Theorem 2 implies that every topological reordering of $\mathbf{A}$ is an equivalent reordering of the matrix $\mathbf{A}$. The corollary to this theorem is that the tree $T\left[\mathrm{PAP}^{T}\right]$ is isomorphic to $T[\mathbf{A}]$ if they are treated as unlabeled structures.

Combining the results of these two theorems allows us to perform a partitioning of the network into subnetworks based upon an inspection of the elimination tree. If the matrix $\mathbf{A}$ has been ordered using a near optimal ordering strategy, subtrees can be identified within $T[\mathbf{A}]$ to partition the network into the required number of subnetworks, as in Figure 4.5. At this stage the choice of subtrees is arbitrary but Section 4.3.2 introduces criteria for selecting the roots of the subtrees so that the resulting network partition gives an approximately balanced load across the processors. The results of theorem 2 allow the optimally ordered coefficient matrix to be reordered so as to give the coefficient matrix a particular desired structure. As this reordering is an equivalent and topological reordering no extra fill-ins will be introduced when processing the matrix and the same number of arithmetic operations are required to process both this and the original matrix. The importance of this result cannot be overstated as it is the foundation of the proposed parallel method. Given a system of equations a near optimal ordering may be applied to minimize the fill-in resulting from the factorisation of that system. Theorem 2 allows this minimum fill-in reordering to be ordered again using an equivalent reordering to give some desired matrix structure without introducing any extra computations or information. Examining the elimination tree of this system and using theorem 1 allows independent subtrees to be identified within the elimination tree. These subtrees may be processed in parallel by assigning them to
different processors in a multiprocessor array. A parallel solution has been created by simply rearranging the system of equations.
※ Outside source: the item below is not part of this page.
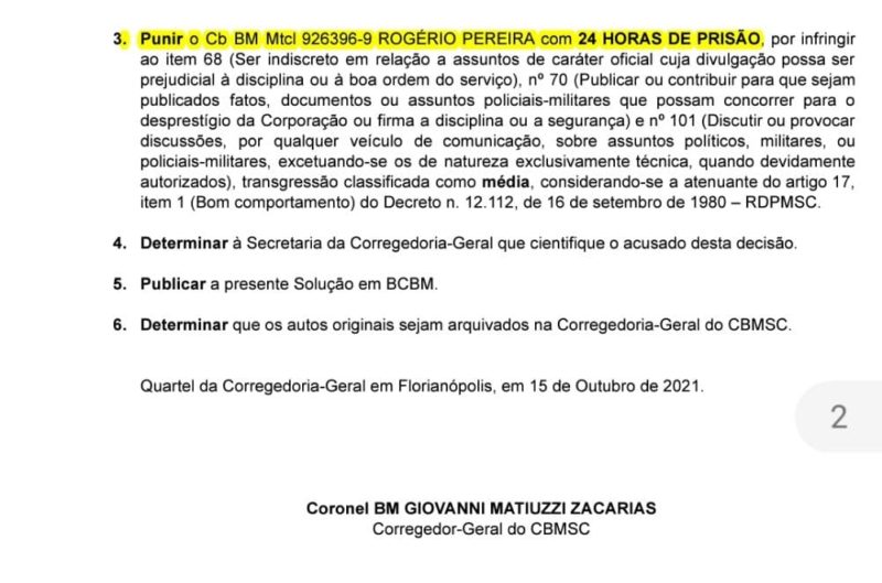 “O Comando-Geral do Corpo de Bombeiros Militar de Santa Catarina (CBMSC) informa que exige de todos os seus integrantes a observância aos pilares da disciplina e hierarquia, qualquer que seja seu posto ou graduação. Preceitos estes, base do militarismo.

Theorem 1 allows the parallelism inherent in the system to be exploited and theorem 2 ensures that both sequential and parallel solutions will require the same total amount of computation. This contrasts with a number of existing parallel solutions [44, 29, 35] which rely on the introduction of extra information or computations to allow the exploitation of parallelism. The new approach will be more efficient than existing methods, assuming that all methods exploit the parallelism in a given problem to the same extent and in the same way. Note that no reference has been made to the particular triangular decomposition method adopted. This is because the parallelisation based on theorems 1 and 2 depends only on the structure of the coefficient matrix and is independent of the decomposition technique. Hence a parallel solution can be devised which utilizes any of the available triangular decomposition methods.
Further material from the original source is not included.